Could you give again exactly, and only, the lines from the one holding "Geometric Print Cutout" through the end of the data, both ends included, with pictures left out?

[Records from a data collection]
# # # # #

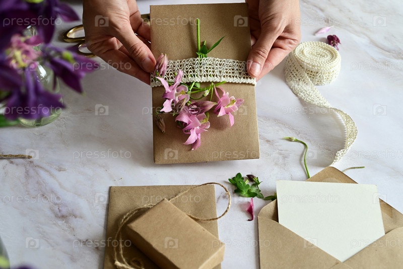 Розовые и голубые цветы, открытка, крафт, шпагат. Макет женского дня или Дня матери, Дня святого Валентина, плоский, вид сверху
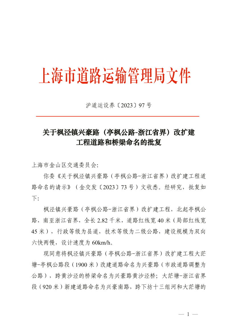 你委《关于枫泾镇兴豪路(亭枫公路-浙江省界)改扩建工程道路命名的请示》(金交发〔2023〕73号)文收悉。经研究,批复如下:
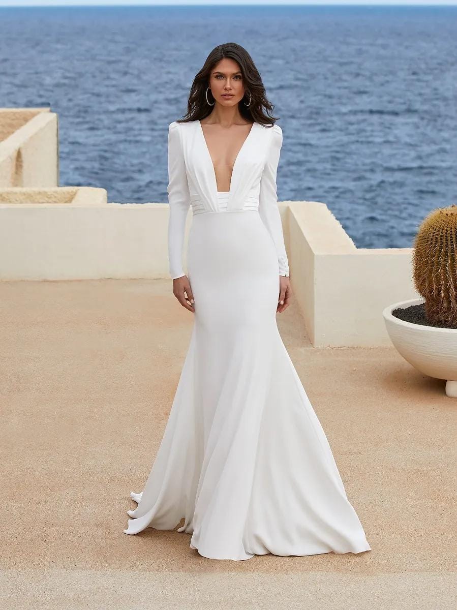 Strahle mit dem Modell der Marke Pronovias Sexyness und Eleganz aus. Du wirst deinen Partner umhauen. Pronovias verspricht dir beste Qualität für alles, was du an dem Tag vorhast. Lass dich fallen und genieße einfach den Moment.
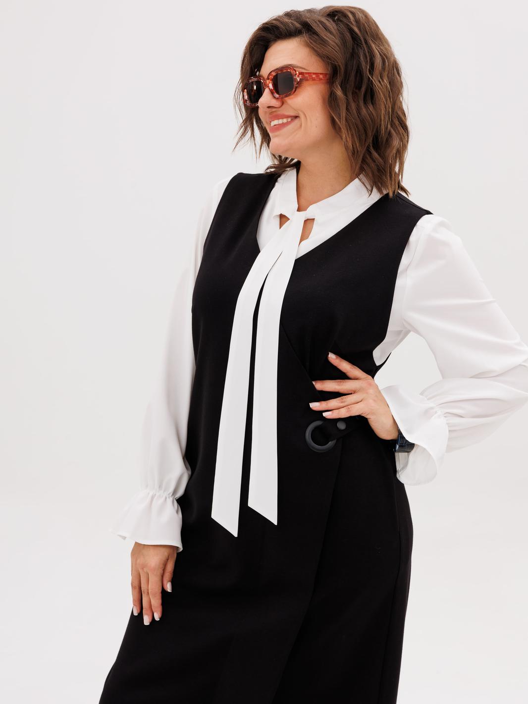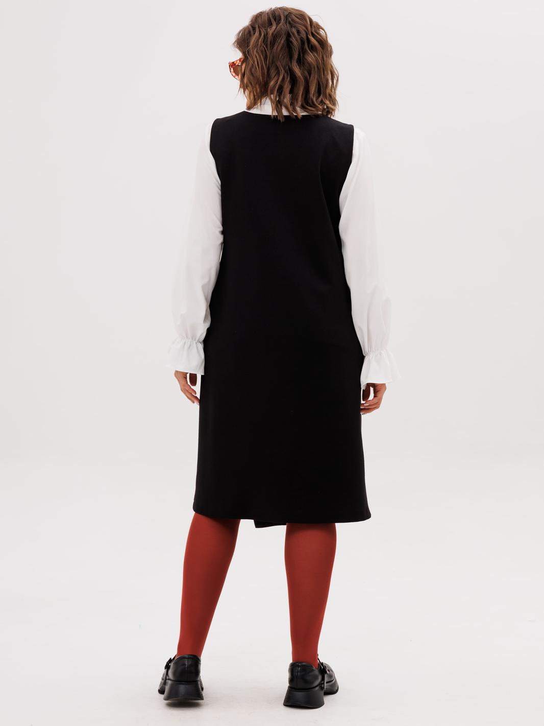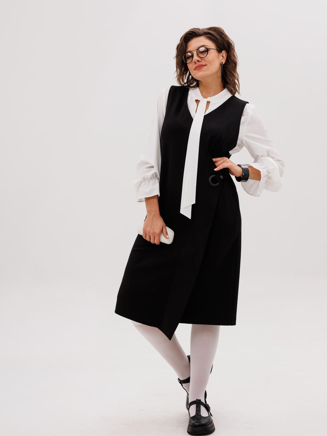 Этот сарафан, выдержанный в строгом прямом силуэте, становится идеальной основой для современного гардероба. Его лаконичную геометрию мягко нарушает игра асимметрии — динамичный, неровный край низа плавно скользит по фигуре, создавая ощущение движения и художественной небрежности. Глубокий V-образный вырез горловины не только зрительно вытягивает шею, но и привносит ноту женственности и открытости, служа идеальным фоном для любимой блузки или тонкого джемпера.
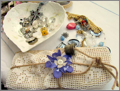 came this box, wrapped so beautifully in a hand knitted doiley
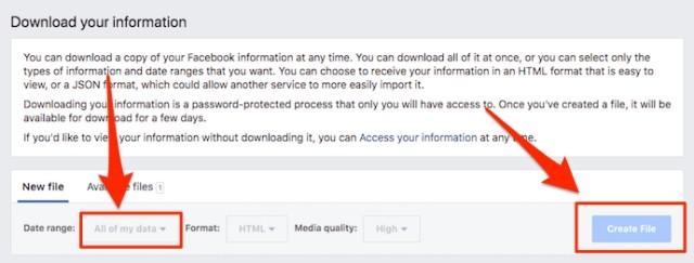 - Từ menu thả xuống, chọn Date range: All of my data và nhấp vào Create File.
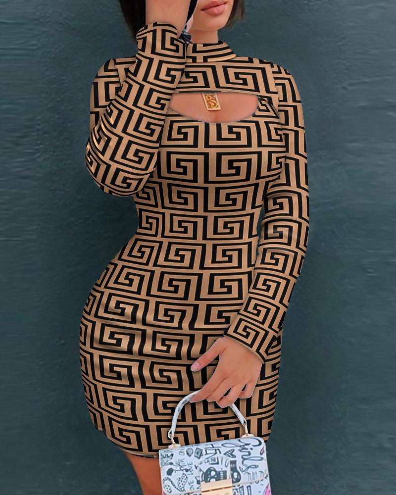 Geometric Print Cutout Long Sleeve Bodycon Dress
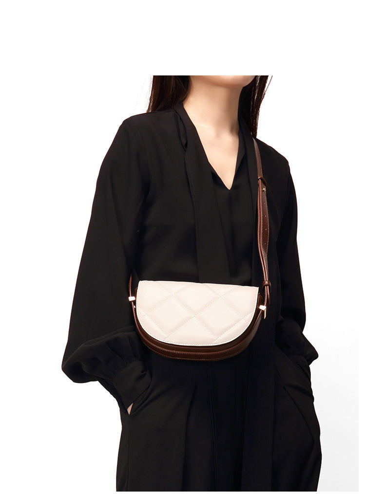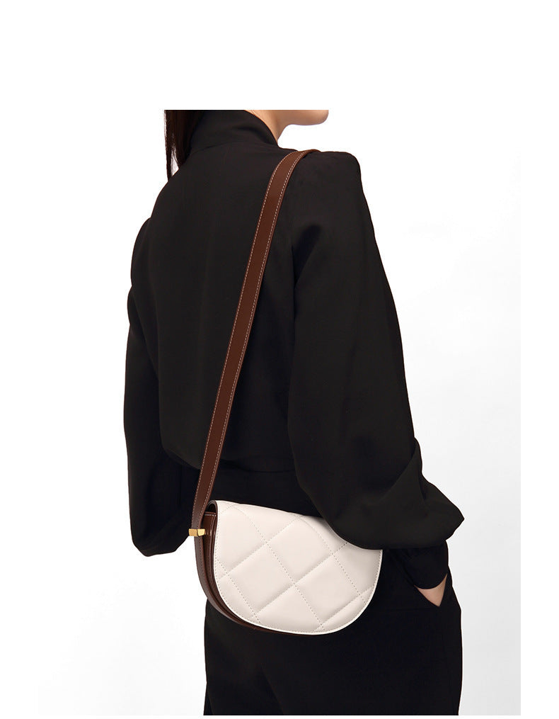 牛革女性バッグ高級感チェック柄斜め掛けバッグサドルバッグ本革半円ブロードバンドショルダーバッグ.ポシェット
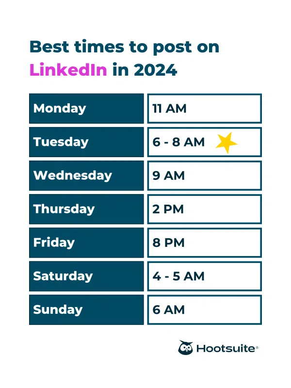 Planning on posting more than once or twice a week? Below is a breakdown of the best times to post on LinkedIn throughout the week, based on what the Hootsuite social team found:

# # # # #

→ RESPONSE AREA:
 Geometric Print Cutout Long Sleeve Bodycon Dress
 牛革女性バッグ高級感チェック柄斜め掛けバッグサドルバッグ本革半円ブロードバンドショルダーバッグ.ポシェット
 Planning on posting more than once or twice a week? Below is a breakdown of the best times to post on LinkedIn throughout the week, based on what the Hootsuite social team found:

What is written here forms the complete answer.